I went past the question. I was interested in the distinction he’d made just before between the women he’d killed, all of whom he’d said had gone to bed with him right after meeting him, and the women he’d married, both of whom had insisted on a waiting period for sex. “Do you think the fact tha
t Felicia and Susi didn’t go to bed with you right away was what kept them safe from you?” I asked. “Do you think you might have wanted to kill Natalie and Judith and the others because they were so sexually free?”
The assumption seemed an obvious one to me, especially given what I knew to be Ricardo’s fury at Alicia for her sexual appetites, but Ricardo, perhaps to curry favor with me, acted as if I’d just offered him a rare and subtle bit of wisdom. “That’s interesting,” he said, nodding and dramatically wrinkling his excessively high forehead. “I hadn’t thought of it before. But maybe you’re right. Maybe it’s true.”

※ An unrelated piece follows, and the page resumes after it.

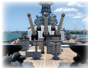
Reserved Ticket for USS Missouri (2 hours on-site)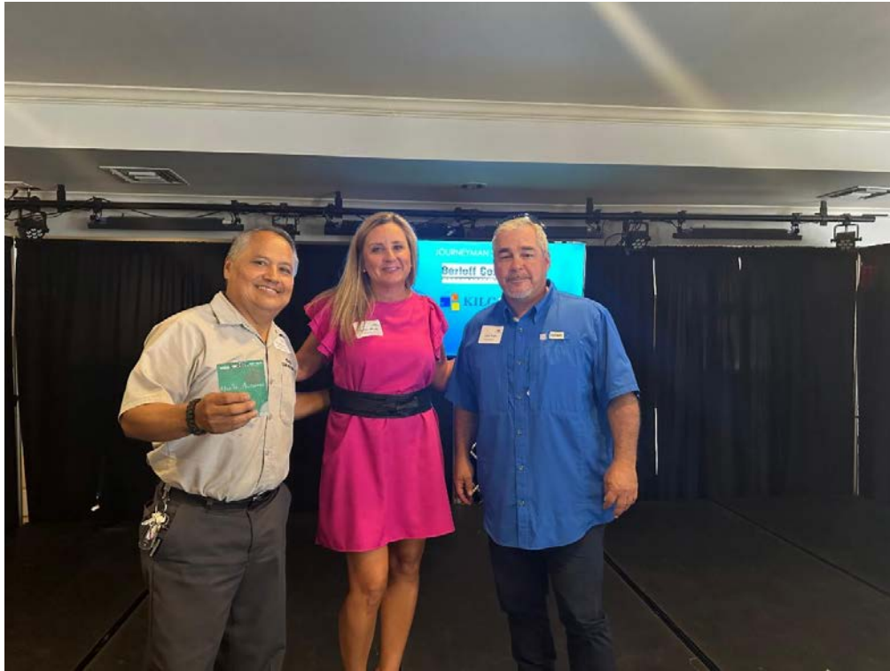
Winners from last contest

That was the closest I came that day to getting Ricardo to say anything about the murders that he hadn’t said before, hadn’t proffered to Kennedy and Dietz. More, the momentary insight he seemed to have gained had no staying power. Toward the end of our visit, he returned to insisting that there was no rational explanation for the murders. “I don’t know why I killed those women,” he said. And then, giving voice to his true delusion: “Because I’m not that kind of person. Because basically, I’m a good person.”

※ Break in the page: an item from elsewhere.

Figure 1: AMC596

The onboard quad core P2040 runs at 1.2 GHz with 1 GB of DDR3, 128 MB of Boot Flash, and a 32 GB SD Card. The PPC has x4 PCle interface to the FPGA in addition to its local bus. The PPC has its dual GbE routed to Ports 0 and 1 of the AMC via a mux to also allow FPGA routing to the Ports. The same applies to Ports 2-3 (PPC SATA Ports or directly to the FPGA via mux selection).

By then, a guard had come to our table and indicated that the visiting period was about to end. I realized with dismay that I hadn’t asked Ricardo about Jacqui Bernard, and that if I was going to do so, I would have to come back another time. Right now, it was too late. He was on his feet, as disciplined as a soldier, and moving toward the entrance to the cells without so much as the wave or backward glance in which other prisoners were indulging.